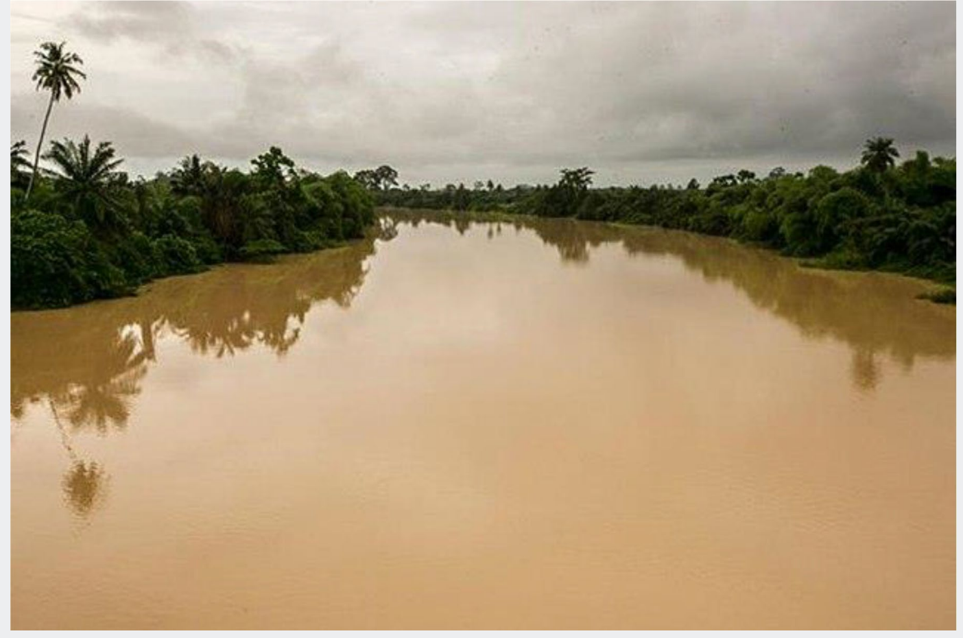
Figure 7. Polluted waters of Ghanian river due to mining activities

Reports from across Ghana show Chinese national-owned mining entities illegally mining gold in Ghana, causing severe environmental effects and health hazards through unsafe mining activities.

════════════════════

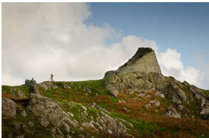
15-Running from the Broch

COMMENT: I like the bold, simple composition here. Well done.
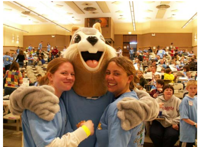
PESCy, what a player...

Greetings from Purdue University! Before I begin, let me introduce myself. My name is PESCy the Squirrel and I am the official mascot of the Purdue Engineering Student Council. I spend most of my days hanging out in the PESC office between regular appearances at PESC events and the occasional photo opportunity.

════════════════════

(PROBLEM)
Within the entries, find all lines that contain "from" and copy each one.

(WORKED SOLUTION)
Reports from across Ghana show Chinese national-owned mining entities illegally mining gold in Ghana, causing severe environmental effects and health hazards through unsafe mining activities.
15-Running from the Broch
Greetings from Purdue University! Before I begin, let me introduce myself. My name is PESCy the Squirrel and I am the official mascot of the Purdue Engineering Student Council. I spend most of my days hanging out in the PESC office between regular appearances at PESC events and the occasional photo opportunity.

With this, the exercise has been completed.